At this point, the geneticist was leaning towards a diagnosis called Larsen's Syndrome. Larsen Syndrome is a mutation in the Filamin B gene, which helps control and guide proper skeletal development. But this test came back negative.
Anja, now 2 months old, graduated from the NICU and went into the PICU. We got a new set of doctors with a fresh perspective. Unfortunately, we saw an improvement in neither her breathing or her feeding. It was time to start taking more drastic measures, because it was evident that Anja could not live in the intensive care unit for the rest of her life, and decisions had to be made.
It was an agonizing choice for me to make, but eventually my husband and I consented to a g-tube. I remember well the feeling of hopeless loss that came over me the day she had it inserted. I felt like we were "giving up" on her. I felt like I was saying "You will never swallow food!" It was only in hindsight that I was able to realize that this was the best decision we could of made for her. But that hindsight didn't come for a very long time, because I'll be damned if that g-tube wasn't one of the peskiest thing I've ever dealt with at first.

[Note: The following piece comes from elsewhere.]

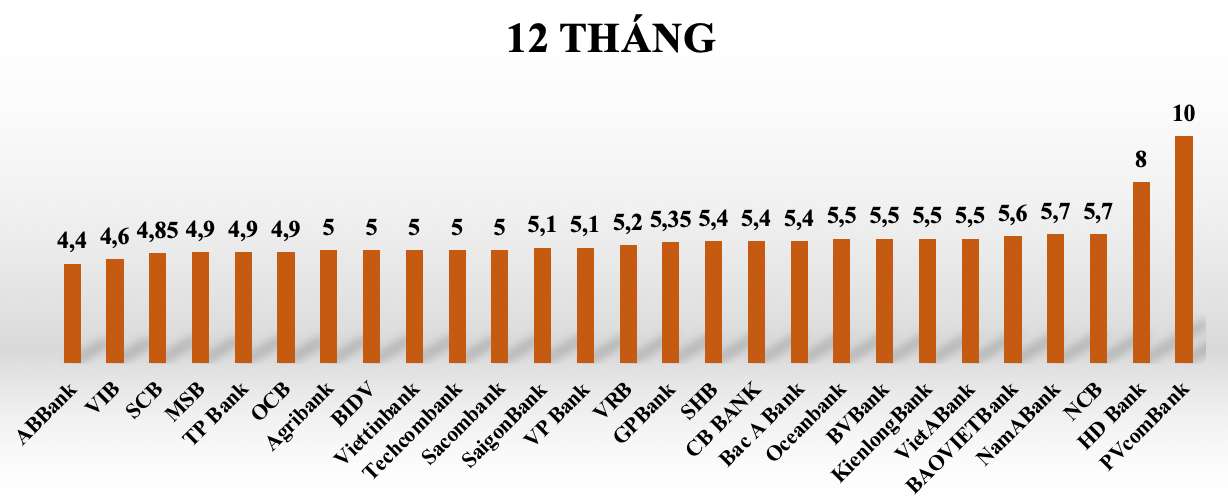 Tại kỳ hạn 12 tháng, lãi suất tiết kiệm các ngân hàng trong hệ thống dao động từ 4,4%-10%/năm. Một số ngân hàng có lãi suất cao trên 5,5% khi gửi tiết kiệm 12 tháng có thể kể tới như: PVcomBank (10%/năm), HDBank (8%/năm), NCB (5,7%/năm), NamABank (5,7%/năm)...

At long last, On July 11th, 2009, at age 3 months, Anja was released from the hospital for the first time since birth. She came "home" with supplemental oxygen and a g-tube, but she was "home." I put home in quotation marks because we had no real residence in Hawaii. While we were dealing with all these tests and surgeries and castings and decisions in the hospital, we were floating from hotel to hotel to hotel. We stayed, at first, at the Air Force lodging. Then we moved to a civilian hotel off base. Then we moved to a hotel near Pearl Harbor. Then we moved into the Fisher House. I could write a whole book about all the people I met and the things I experienced living in this Fisher House, but that's another post for another time. We found so much support and love there, and I am happy to say that I am still in contact with several of the great people I met while I was there. Despite the difficulties and hardships I was facing, I was able to see other people facing their own scary medical battles, and it made me a better person. That is where Anja came "home" to, the Fisher House.
When I look back on this time in my life, I don't see it as particularly bad, but I know it was so stressful when I was enduring it. My husband flew back to Japan to pack up our house, and I was suddenly taking care of both my children alone for the first time. I had been the mother of 2 children for a few months now, but I had never actually been alone with both of them. Pile Anja's special needs on top of that, and I was a nervous wreck. I was learning how the Kangaroo pump worked (to give Anja her food), learning how to care for the g-tube, learning how to juggle oxygen tanks with all the usual baby gear. At night, it was not the sound of a crying baby that woke me, but the sound of alarming machines. The pump jammed, or the bag of milk is empty, or her oxygen dipped too low, or her heart-rate rose too high. It all became overwhelming when the g-tube started popping.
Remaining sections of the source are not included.